研究表明,超声波和微波技术可以提高活性组分在载体表面的分散效果,从而提高催化剂的活性。在催化剂制备过程中,超声产生的微环境能够促进界面间的反应、传质和传热过程,微波产生的高频变换能量场可以是分子由无需运动变为有序的高频运动,通过将分子动能转换成热能来实现加热,其特殊的加热方式可极大地缩短反应时间,同时也能改善活性组分的分散性。超声-微波组合技术将两者无干扰结合,实现了两者的协同处理,被广泛用于萃取以及纳米材料合成领域,在催化剂制备和活性组分负载中的研究报道较少。
申请号201810111083.X 公开了一种负载型臭氧高级氧化催化剂的制备方法,包括以下步骤:S1.选取γ-Al2O3球体为载体;S2.将硝酸镍与去离子水混合搅拌得到稳定硝酸镍溶液,将硝酸铜与去离子水混合搅拌得到稳定硝酸铜溶液,所述硝酸镍与硝酸铜的质量比为1-9:1;S3.将步骤S2配制好的硝酸镍溶液和硝酸铜溶液与步骤S1选取的载体混合,并持续摇晃震荡4-8h;S4.滤去步骤S3浸渍后的浸渍液后干燥;S5.将步骤S4制备得到的γ-Al2O3球体以恒定的升温速率恒温焙烧,得到以γ-Al2O3球体为载体,NiO和CuO为活性组分的负载型臭氧高级氧化催化剂。本发明的臭氧高级氧化催化剂同时具有吸附和活化协同作用,既能高效吸附水中有机污染物,同时又能催化活化臭氧分子,取得很好的催化臭氧氧化效果。

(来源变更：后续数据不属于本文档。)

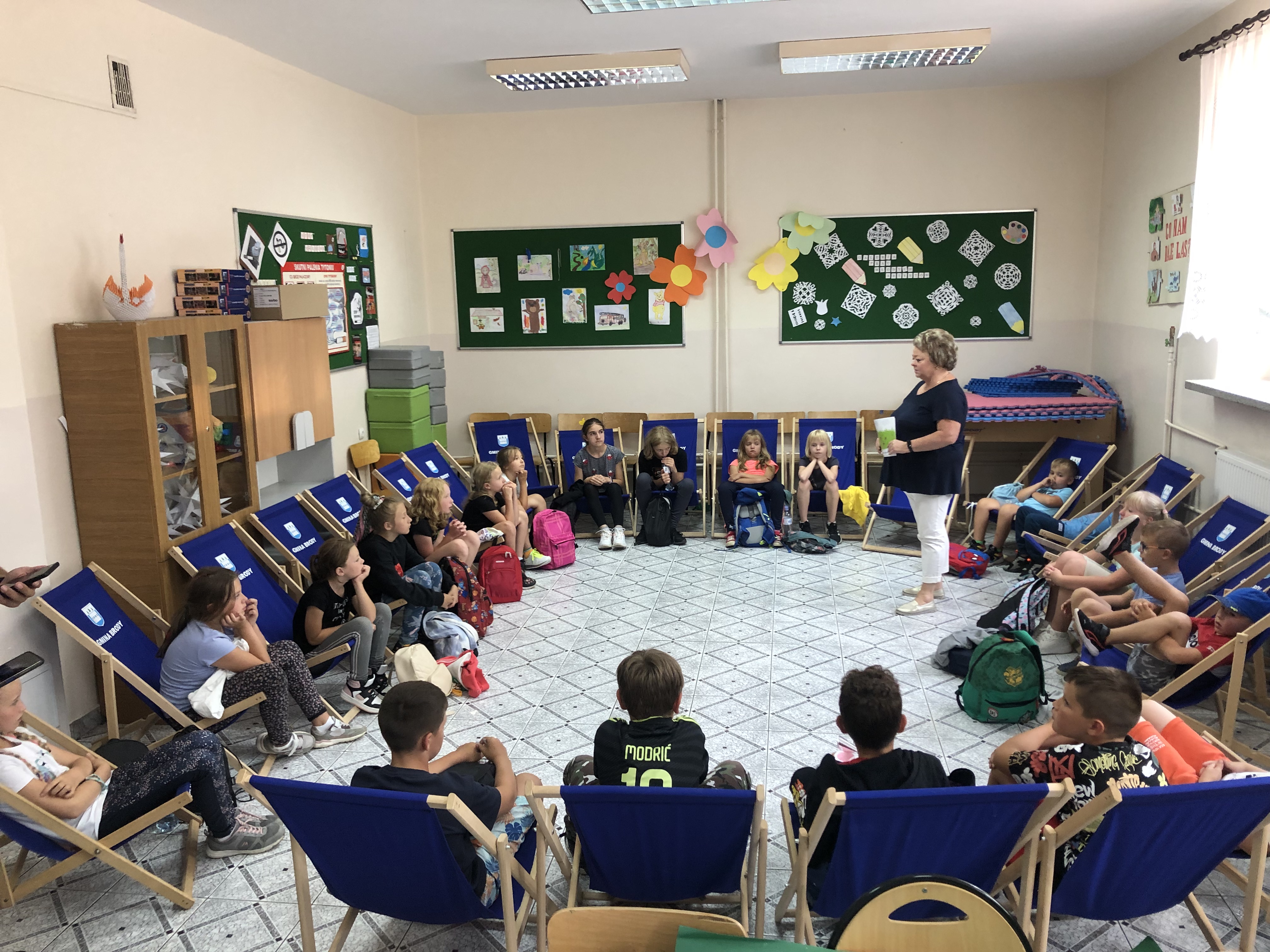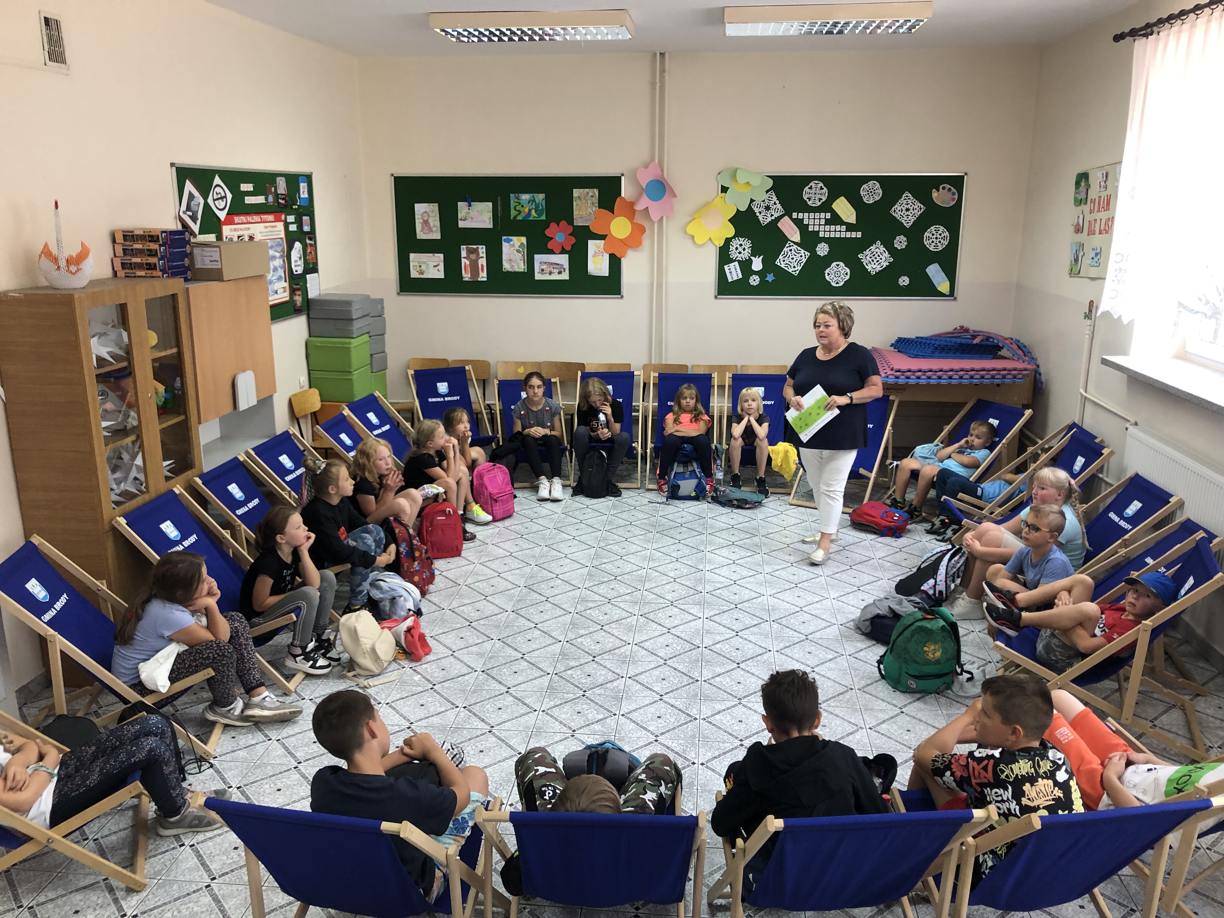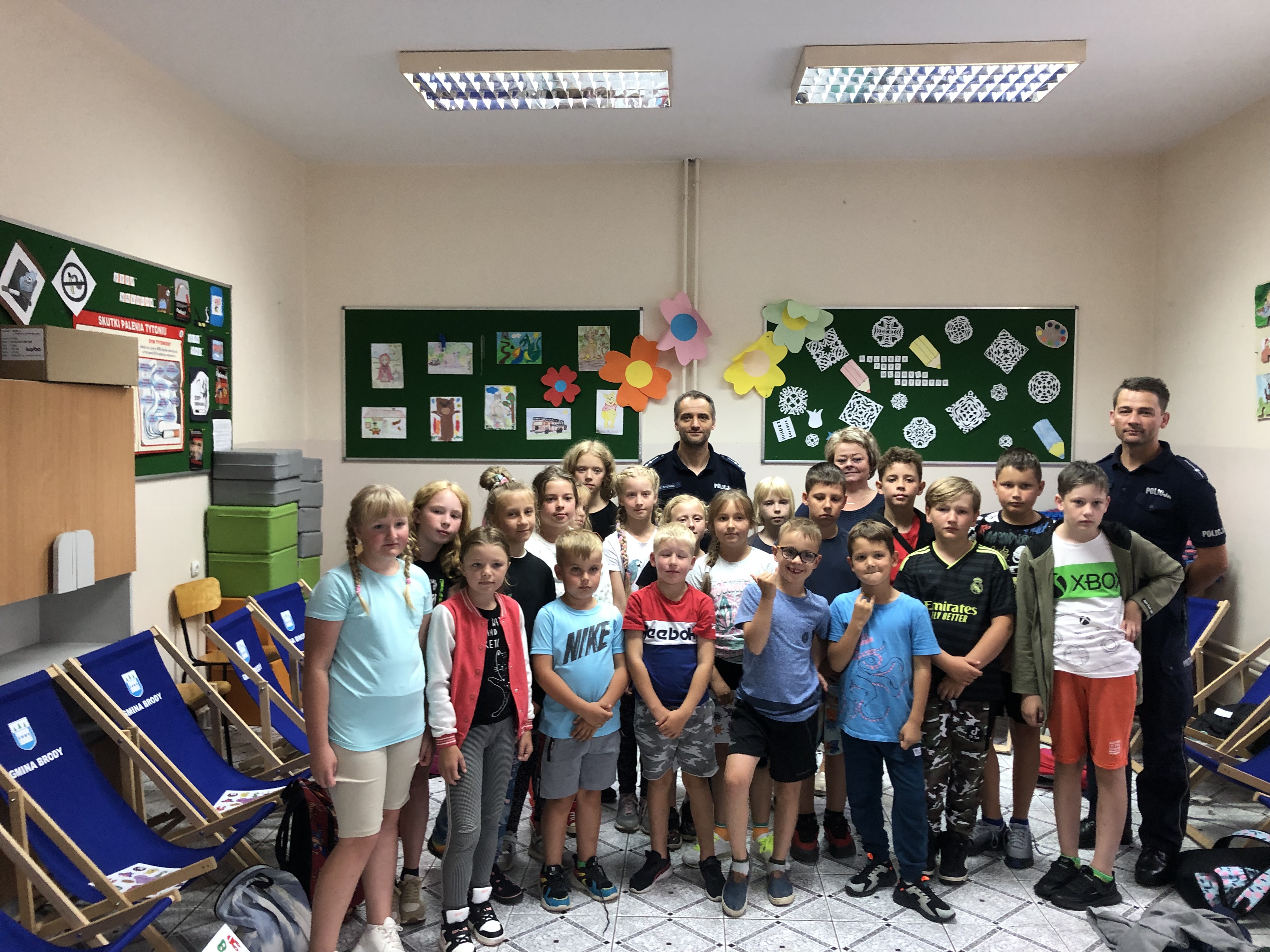 Przedstawicielka Powiatowej Stacji Sanitarno Epidemiologicznej w Starachowicach oraz przedstawiciele Komendy Powiatowej Policji w Starachowicach dnia 9 sierpnia 2023 wzięli udział w kolejnym spotkaniu z dziećmi uczestniczącymi w zorganizowanych półkoloniach przez Wójta Gminy Brody p. Marzenę Bernat oraz Centrum Kultury i Rekreacji w Brodach.

申请号201610953960.9公开了一种CeO2 ,NiO-ZSM-5/γ- Al2O3催化剂制备,硝酸镍,硝酸铈,异丙醇铝,氢氧化钠 ,无水乙醇,硅溶胶,三乙胺等主要原料来合成,并通过,磁力,氦气氛围,等特殊操作改性制得CeO2 ,NiO-ZSM-5/γ-Al2O3脱硫脱硝催化剂。制得的催化剂脱硫脱硝效果好,且再生效果好。

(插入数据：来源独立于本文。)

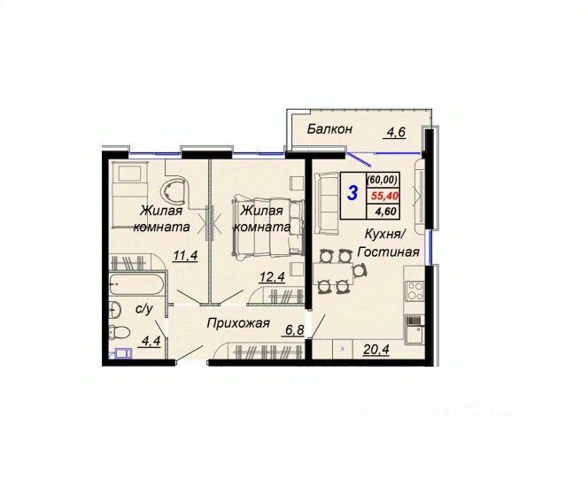 Общая площадь60 м2

虽然上述两件现有技术,在催化剂成分相似,制备方法不同,均存在反应时间长,活性组分分布不均匀的问题。
发明内容
针对现有技术的不足,本发明的目的在于提供一种超声-微波协同辅助制备Ni-Al2O3催化剂的方法及其在CO2加氢中的应用,以解决现有浸渍法存在的反应时间长和活性组分分散不均匀的问题,是一种高效的制备方法,能够有效提高催化剂的分散性及其在CO2加氢反应中的活性。
为实现上述目的,本发明采用的技术方案为:
一种超声-微波协同辅助制备Ni-Al2O3催化剂的方法,包括以下步骤:
步骤1,将Ni(NO3)2·6H2O、γ-Al2O3和PVP按照加入60mL去离子水,搅拌均匀后,转移至100 mL聚四氟乙烯反应釜中;
步骤2,将步骤1中的反应釜转移至微波超声组合反应器中,设定微波功率为400-600W,超声波功率为800-1000W,温度为120-150℃,在自生压力下恒温反应15-30 min;
步骤3,将步骤2的反应产物冷却至室温后,对产物进行离心、干燥,400-500℃煅烧4 h,得到前驱体NiO-Al2O3;
步骤4,将前驱体NiO-Al2O3在H2/N2混合气体的气氛中400℃还原,得到高分散的Ni-Al2O3催化剂。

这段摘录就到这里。